The strong 4QFY18 revenue performance of RM1,216.9m (+10.6% qoq, +34.8% yoy) was mainly due to higher sales volume (+6% qoq, +27% yoy) as well as additional capacity from Factory 31 (+3bn pcs or +5.2%) which commissioning in July. However, PATAMI was softer (+7.6% yoy, -13.6% qoq) due to higher effective tax rate as the tax incentives have being taken up mostly in 4QFY17.
Over the FY18 period, PATAMI rose by 32% yoy on the back of 23.6% growth in revenue. This was due to higher sales volume (+26%) supported by strong global demand as well as additional capacity. Additionally, cost efficiency as well as lower natural rubber latex price (c.-22% yoy) aided in the increase in profit margin by 0.7ppts to 10.3%. Overall, FY18 PATAMI was in-line with our and consensus estimates at 99% and 98% respectively.
The group has proposed a final single tier DPS of 10sen, bringing FY18 total DPS to 17sen (FY17: 14.5sen), translating into yield of 1.6%.
Global demand is expected to remain strong growing 8-10% p.a from greater hygiene and healthcare awareness. We expect near-term earnings outlook to remain positive supported by capacity expansion plans (+14.2% or up to 69.1bn pcs p.a by 2020), strong USD and lower raw material prices.
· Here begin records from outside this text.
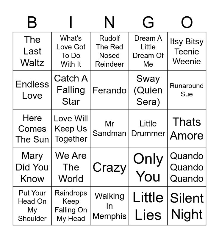 This bingo card has 35 words: All By Myself, Away In A Manger, Believe, Catch A Falling Star, Crazy, Dream A Little Dream Of Me, Endless Love, Everyday, Ferando, Go Tell It On The Mountain, Here Comes The Sun, Itsy Bitsy Teenie Weenie, Jingle Jangle, Last Christmas, The Last Waltz, Little Drummer, Little Lies, Love Will Keep Us Together, Mary Did You Know, Mr Sandman, Only You, Put Your Head On My Shoulder, Quando Quando Quando, Raindrops Keep Falling On My Head, Rudolf The Red Nosed Reindeer, Runaround Sue, Silent Night, Song Sung Blue, Sway (Quien Sera), Thats Amore, Up Where We Belong, Walking In Memphis, We Are The World, What's Love Got To Do With It and Winter Wonderland.
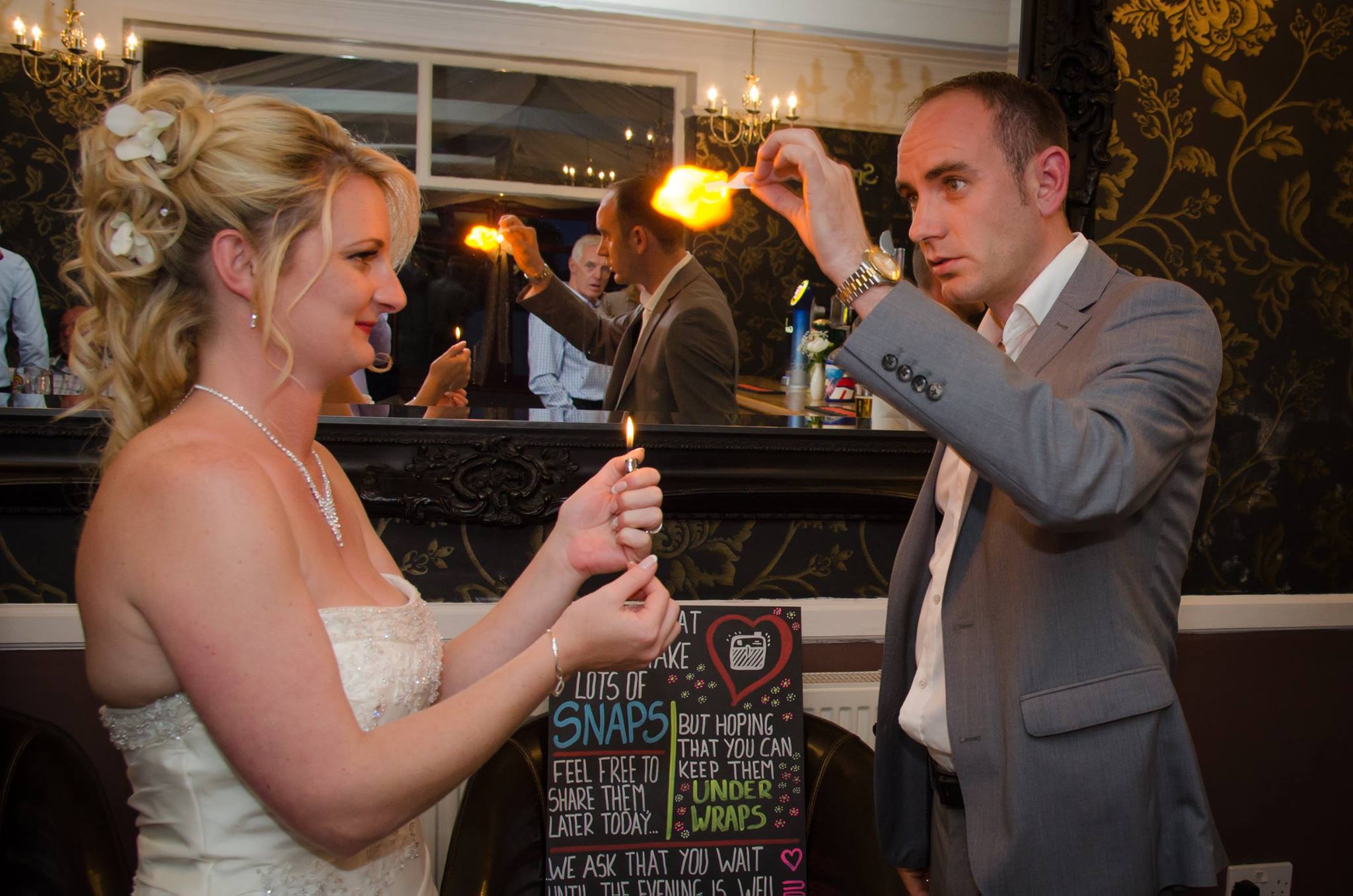 •  Close-up magic to be performed during reception drinks, to keep the guests entertained. This normally helps while the bride and groom are having their photographs taken. This can sometimes take some time, so can be a good ice-breaker and entertainment for the guests while they wait.
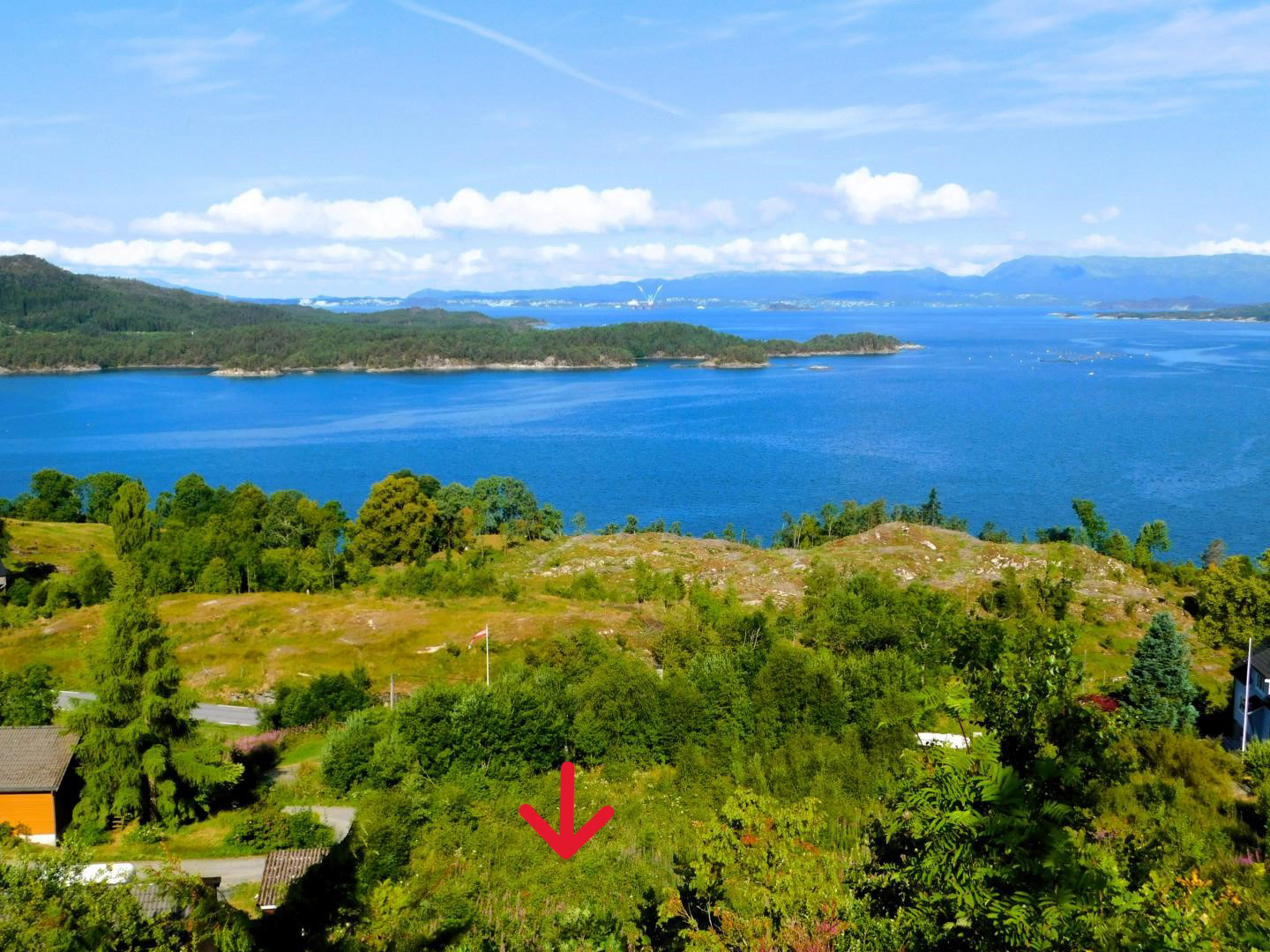 Tomta er det frodige arealet heilt nede i bildet, det den raude pila peikar. Hovudvegen skimtar du i venstre kant, ein tredjedel opp frå nedre kant. Tilkomstvegen til tomta di ser du også, nede i venstre hjørne. Det er Fjelbergøy som stikk seg inn i fjorden frå venstre. Stord i bakgrunnen. Bildet er tatt frå GULLHAUG.
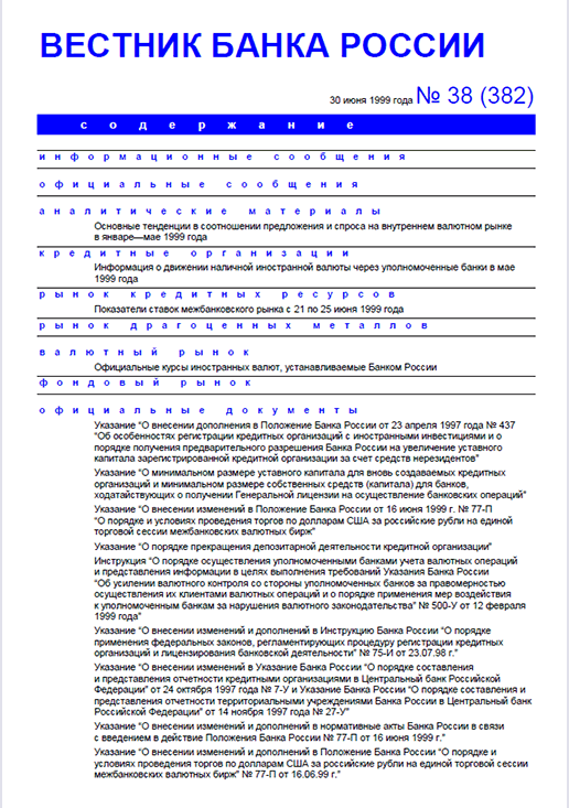 Вестник Банка России / Центральный банк Российской Федерации. — Москва : ПРАЙМ , 1999, N 38. — Москва : ИТАР-ТАСС, 1999.
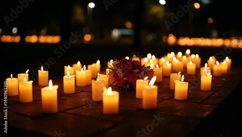 Candles and flowers arranged in memory of torture victims during commemorative vigil
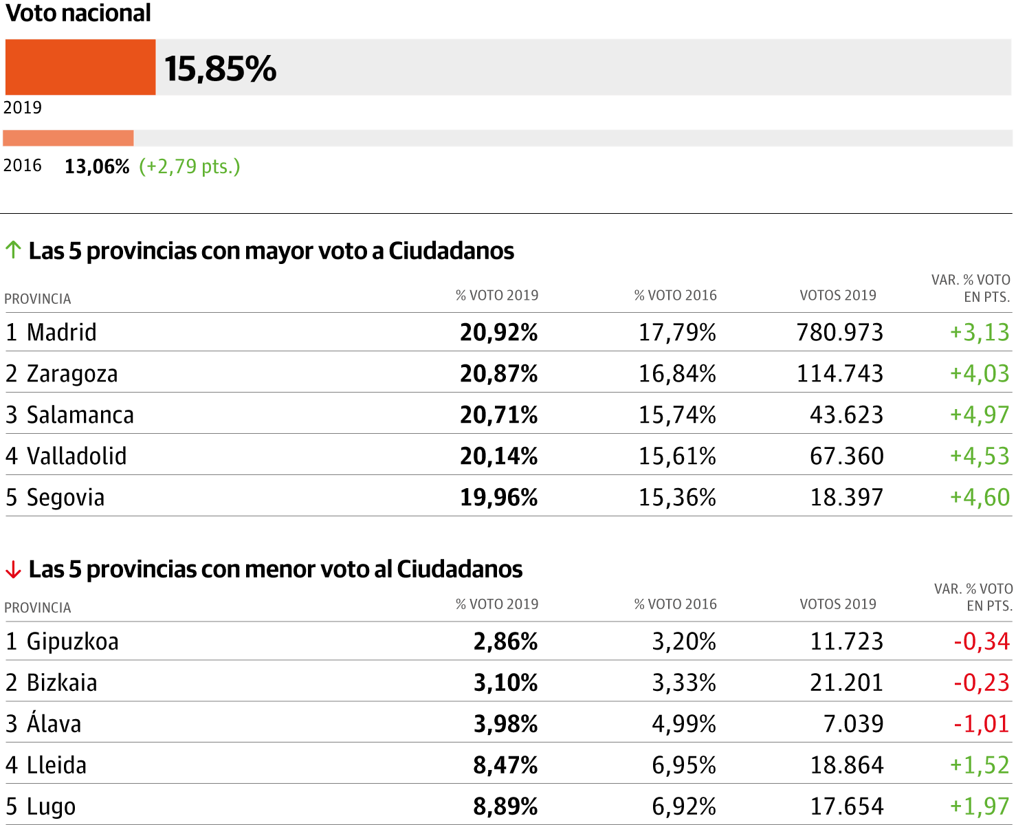 Estas elecciones, por otra parte, han servido para desmontar la leyenda de que Ciudadanos era un partido urbanita. En provincias de la denominada 'España vacía' como Badajoz, Cáceres, Teruel y Zamora es en las que Ciudadanos consigue una mejor variación porcentual con respecto a 2016. Como el resto de formaciones de caracter nacional, su presencia en los feudos nacionalistas es residual.
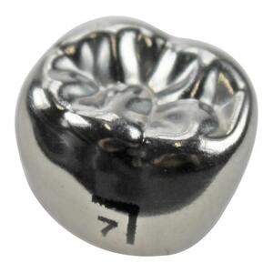 Teräskruunu molaareille. Valmistettu ruostumattomasta teräsksestä. Hyvä istuvuus ja pitkäaikainen ratkaisu. Koko 6-LR-7, ala oikea. Mesio-distaalinen halkaisija 12,8 mm.
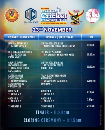 ಸಂಯುಕ್ತ ಅರಬ್ ರಾಷ್ಟ್ರದಲ್ಲಿ ಜರಗುವ ಈ ಪ್ರತಿಷ್ಠಿತ ಕ್ರಿಕೆಟ್ ಪಂದ್ಯಾವಳಿಯು ನವೆಂಬರ್ 22 ಶನಿವಾರ ಅಪರಾಹ್ನ ಶುಭಾರಂಭ ಗೊಳ್ಳಲಿದೆ.ತದನಂತರ ಪಂದ್ಯವು ಶನಿವಾರ ನಡುರಾತ್ರಿಯವರೆಗೆ ಸಾಗಲಿದೆ.ಮರುದಿನ ಮುಂಜಾನೆ ಒಂಬತ್ತರಿಂದ ರಾತ್ರಿ ಒಂಬತ್ತರವರೆಗೆ ನಿರಂತರವಾಗಿ ಮುಂದುವರಿಯುತ್ತದೆ. ಪಂದ್ಯಾವಳಿಯು ಮುಕ್ತಾಯವಾಗುತ್ತಿದ್ದಂತೆ ಪ್ರಶಸ್ತಿ ಪ್ರದಾನ ಸಮಾರಂಭ ಆ ಕೂಡಲೇ ನೆರವೇರುತ್ತದೆ.
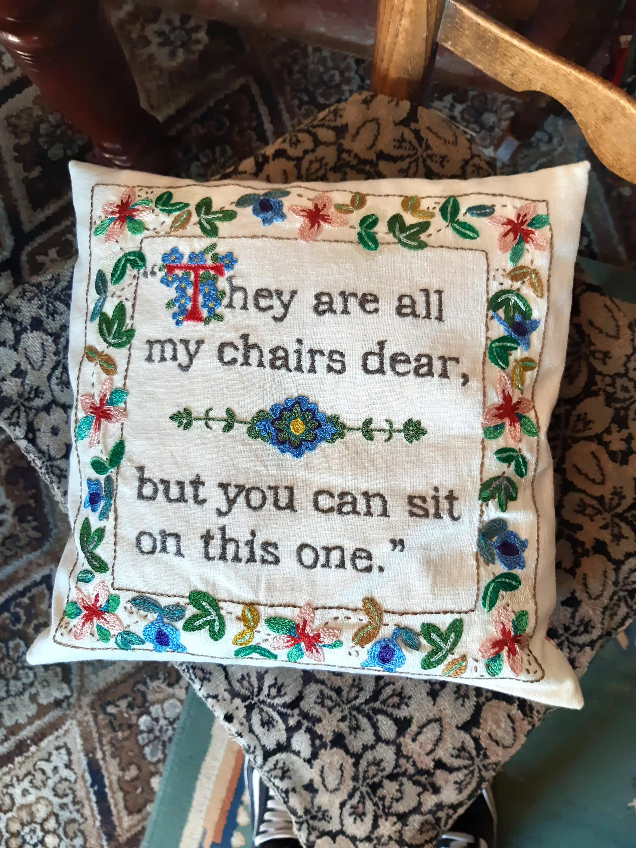 My upside was that I had work to do, creating pieces jointly planned with the interpretation team to add to the Cottage experience. At last I was able to settle down to embroidering text onto a pink cardigan (not a museum piece!) and creating a chair cushion stitched with Hilda Smith’s legendary response to a visitor: “They are all my chairs dear, but you can sit on this one,” with a border design developed from wallpaper fragments found in the Cottage.

Average latex prices were soft, i.e. declining by c.22.8% yoy and 10.2% qoq, which in turn benefits Top Glove as c.50% of its gloves production are natural rubber gloves.
We maintain our forecast with TP unchanged at RM10.00 based on 26x PER (+2SD over its 3-year 12-month forward mean) over its FY19 EPS. Our PE multiple is deemed fair given i) Top Glove’s strong global presence with c25% global market share, ii) growth in its inorganic expansion and iii) the company is making steady progress in the fast growing nitrile glove market.